Además, Sindo no buscaba la «originalidad» que parecen perseguirse al escribir cosas como esta: «Para comer libertades me tienen que fenecer», lo cual equivale a decir: «Me tienen que suicidar». Ser de veras poético no es siempre algo que se logre a voluntad. Una metáfora empieza por ser lenguaje figurado, y pierde efectividad cuando se agota por el abuso. Y la enunciación «Necesito una estrella que brille con luz propia y natural» no es tan metafórica. Hasta en una clase elemental de física la estrella se define, literalmente, como un cuerpo celeste que brilla con luz natural y propia.

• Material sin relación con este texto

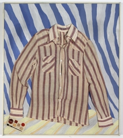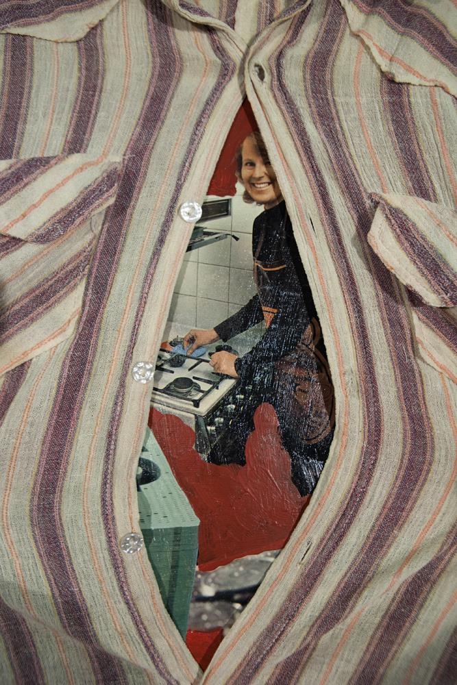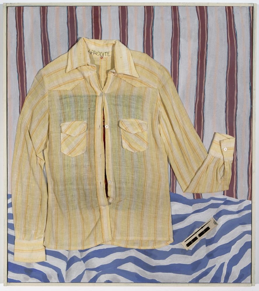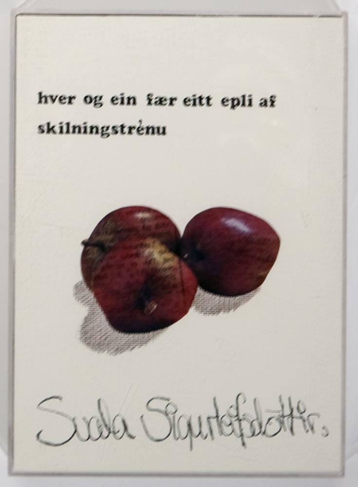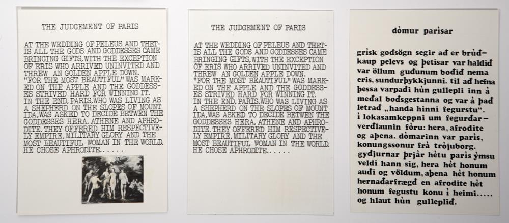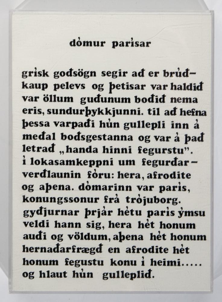 4 samklipp-málverk á striga: Samblanda af akrílmálningu á striga og samklippi. Þrjár einingar eru með náttskyrtu límdri á hvern myndflöt, inni í þeim eru pappírsúrklippur í lit - myndir af konum. Bakgrunnur er röndóttur og minnir á rúmföt. Í kraga skyrtanna er handskrifað með svörtum penna nöfn, eitt í hverri skyrtu: Aþena, Hera og Afrodite. Ein eining sýnir innantóm jakkaföt (þ.e. án hauss og handa, sést ofan í skyrtuna), með nafnspjald sem á stendur 'Mr. Paris'. Jakkafötin eru staðsett á panelklæddri skrifstofu. Grár skífusími fyrir framan jakkafötin og penni límdur inn á myndina við hlið símans. Fyrir aftan jakkafötin er litljósmynd af rollum á leið í réttir límd inn á myndflötinn. Rammar málaðir ljósir og negldir utan um strigana2 pappaöskjur með plastloki: ATH! Ekki til ljósmynd!!Önnur askjan er með svartan texta á vatnslitapappír: "hver og ein fær eitt epli af skilningstrénu". Fyrir neðan textann er klippimynd af rauðum eplumÍ hinni öskjunni er einnig prentaður svartur texti á hvítan vatnslitapappír - sagan um dóm Parísar í stuttu máli. Undir þeim pappír er tvö önnur blöð, annað sami vatnslitapappír en hitt mun þynnra. Á þynnra blaðinu er sami texti nema á ensku en á því þykkara er eftirprent af endurreisnarmálverki.

Lo peor que puede ocurrirle a una canción no es tener deslices gramaticales que, en casos como los de Almarán y Sindo -gran autodidacta el segundo, y tal vez también el primero- pueden deberse a la circunstancia de componer en la penumbra de un bar con atmósfera etílica. Tampoco lo peor serían las imágenes infelices o fallidas. Esos pueden ser o son defectos que sería preferible que ninguna canción tuviera; pero algunas, a pesar de tenerlos, se las arreglan para saltar, con su saldo de aciertos, por encima de imperfecciones, y se afincan en eso que tan tranquilamente, como si fuera lo más simple del mundo, suele llamarse inmortalidad. Algunas, incluso correctísimas, ni de lejos rozan semejante logro.

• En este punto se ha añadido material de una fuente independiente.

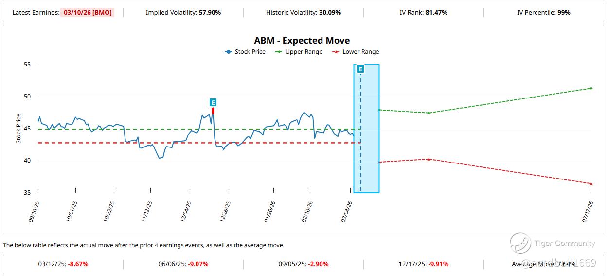 Volatility Outlook: Historically, ABM's post-earnings move is relatively modest (average of ~1.7%). However, because the current forward P/E is near a 1-year low (~11.8x), a positive surprise in the Technical Solutions guidance could trigger a more outsized "value-rebound" move.

Entre lo peor de una canción, o de algo que se proponga serlo, figura lo que no puede reprochársele ni a Sindo ni a Almarán: cultivar la chabacanería y el mal gusto. Para transitar por los senderos del doble sentido sin caer en la grosería se necesita el ingenio de un Ñico Saquito o de un Guayabero, y esos no siempre abundan, aunque lo parezca. Hoy prospera la chapucería, promovida incluso por compositores que han tenido muchas más posibilidades que aquellos de adquirir una sólida formación técnica y cultural, no solo la pericia para hacer sonar bien los instrumentos y las voces. El arte es más que eso.

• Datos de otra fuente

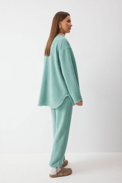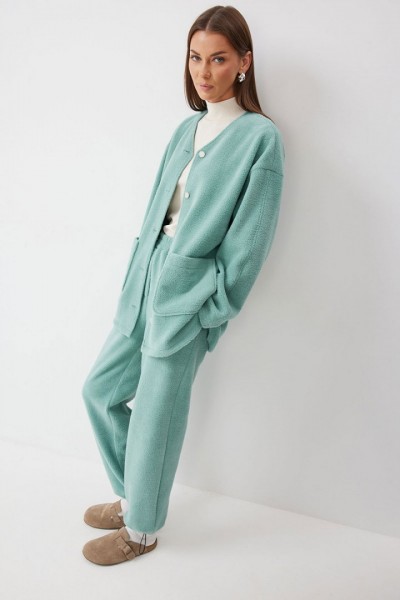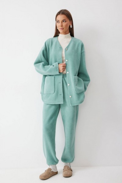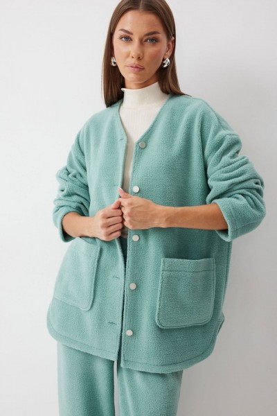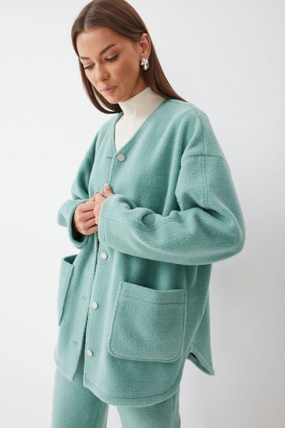 Жакет прямого силуэта с фигурным низом из трикотажного полотна. Горловина округлая, по центру застежка на кнопки. Рукав со спущенной линией плеча. По переду накладные карманы. Жакет без подкладки.

Cada época tiene -los crea- los ritmos, los géneros y los modos musicales de su preferencia, que llegan a caracterizarla, y ninguno es fatalmente detestable, ni ha ocurrido que borre los precedentes ni impida el surgimiento de otros. Abominable en una canción puede resultar lo grosero que se monta sobre una estructura musical determinada, sea cual sea. Pero lo que más debe preocupar no es que circunstancialmente le toque a un género o a otro ser el soporte difusor de lo indeseable, aunque haya autores capaces de darles otro uso a esos mismos géneros. Lo más grave estriba en por qué un tiempo determinado en un país concreto se presta para la difusión de valores o, mejor dicho, desvalores que urge combatir y erradicar, y prosperan porque no concitan el rechazo eficaz de hornadas de ciudadanos en cuya instrucción se han invertido recursos que merecerían dar resultados mucho mejores. Como diría Hamlet, y esta vez sin asomo de duda: «Esa es la cuestión».
No solamente música y canciones pueden convertirse en portadores de lo chabacano. Si en ellas ocurre, búsquense fuera de ellas las motivaciones de un mal que aflorará también en la vida cotidiana, y dañará quién sabe cuántas esferas del funcionamiento general de la sociedad, incluidas otras manifestaciones del arte. Hace poco, la Televisión Cubana trasmitió para todo el país, en horario estelar, una actuación de su compañía de ballet insignia, felicitada por haber cumplido cincuenta años, y el estribillo o casi texto único de la pieza musical utilizada era «Tóquenme los timbales», expresión que hace tiempo perdió su valor de doble sentido en beneficio de una sola de las significaciones posibles.
¡Ah!, para no dejar duda al respecto: buena o mala, pobre o extraordinaria, puede ser una letra de canción, como bueno o malo, pobre o extraordinario, puede ser un poema.